4.4. コレクションを検証するための Ansible-Galaxy CLI の設定

Ansible-Galaxy CLI を設定して、コレクションを検証することができます。これにより、ダウンロードしたコレクションは組織によって承認され、Automation Hub にアップロードされた後に変更されません。

コレクションが Automation Hub によって署名されている場合に、サーバーは ASCII 版の GPG 割り当て解除署名を提供して、コレクションのコンテンツを検証する前に MANIFEST.json の信頼性を検証します。ansible-galaxyキーリングを設定する か、--keyring オプションでパスを指定して、署名検証をオプトインする必要があります。

前提条件

  • 署名付きコレクションが Automation Hub で署名を検証するために利用できる。
  • 認定コレクションが組織内の承認済みのロールによって署名できる。
  • 検証用の公開鍵がローカルシステムキーリングに追加されている。

手順

  1. ansible-galaxy で使用するデフォルト以外のキーリングに公開鍵をインポートするには、以下のコマンドを実行します。 

    gpg --import --no-default-keyring --keyring ~/.ansible/pubring.kbx my-public-key.asc
    注記

    Automation Hub が提供する署名のほかに、署名ソースは要件ファイルとコマンドラインで指定することもできます。署名ソースは URI である必要があります。

  2. --signature オプションを使用して、CLI で提供されたコレクション名を追加の署名で検証します。 
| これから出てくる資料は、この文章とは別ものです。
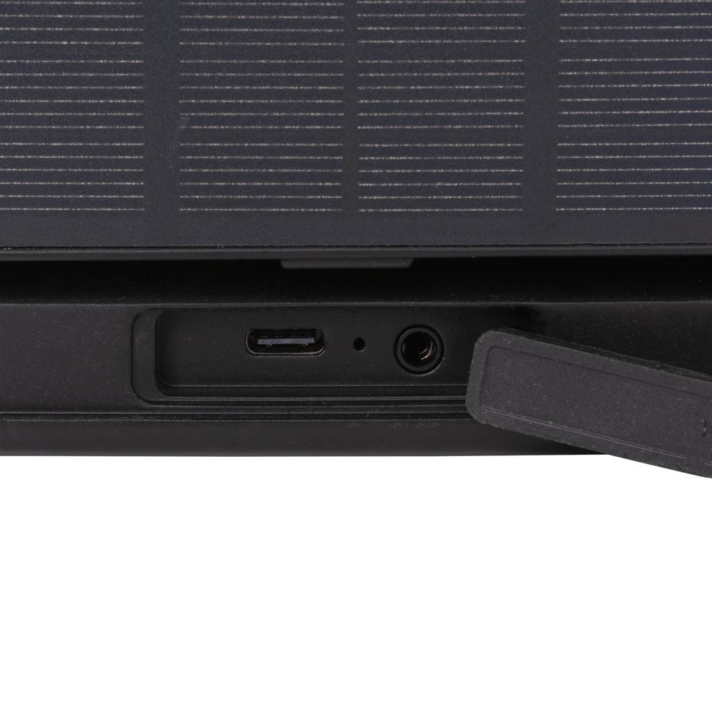 Powerful 12W wireless speaker with integrated large solar panel in RCS certified recycled ABS. Total recycled content: 16% based on total item weight. RCS certification ensures a completely certified supply chain of the recycled materials. The speaker uses high quality monocrystalline solar panels with 19% conversion rate. Charge rate depends on conditions. With integrated LED lamp to use the speaker even when the sun has set. The speaker is equipped with a 2000 mAh battery to ensure up to 8 hours of playing time and BT5.3 for smooth connection and clear sound. Connection range up to 10 metres. With mic and pick up function to answer calls. Charging speed solar: 5V/300mA. Packed in FSC mix FSC® box. Including RCS certified recycled TPE charging cable. Item and accessories 100% PVC free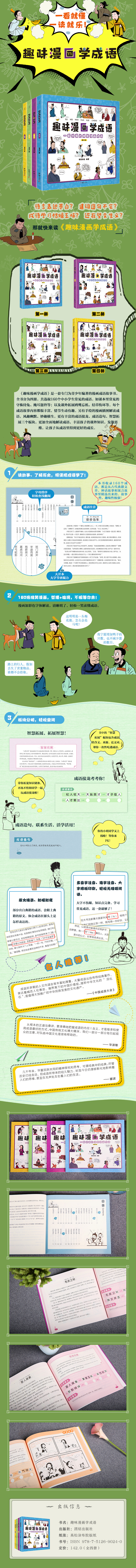 趣味漫画学成语(全4册)6-12岁 160个成语160张搞笑漫画 哲理+脑洞

    ansible-galaxy collection install namespace.collection
--signature https://examplehost.com/detached_signature.asc
--signature file:///path/to/local/detached_signature.asc --keyring ~/.ansible/pubring.kbx

    このオプションを複数回使用して、複数の署名を指定できます。

  3. 以下の例のように、要件ファイルのコレクションに、コレクションの署名キーの後に追加の署名ソースが表示されていることを確認します。 

    # requirements.yml
collections:
  - name: ns.coll
    version: 1.0.0
    signatures:
      - https://examplehost.com/detached_signature.asc
      - file:///path/to/local/detached_signature.asc

ansible-galaxy collection verify -r requirements.yml --keyring ~/.ansible/pubring.kbx

    Automation Hub からコレクションをインストールすると、サーバーが提供する署名はインストールされたコレクションと共に保存され、コレクションの信頼性を検証します。

  4. (オプション) Ansible Galaxy サーバーにクエリーを実行せずにコレクションの内部整合性を再度確認する必要がある場合は、--offline オプションを使用して、以前に使用したのと同じコマンドを実行します。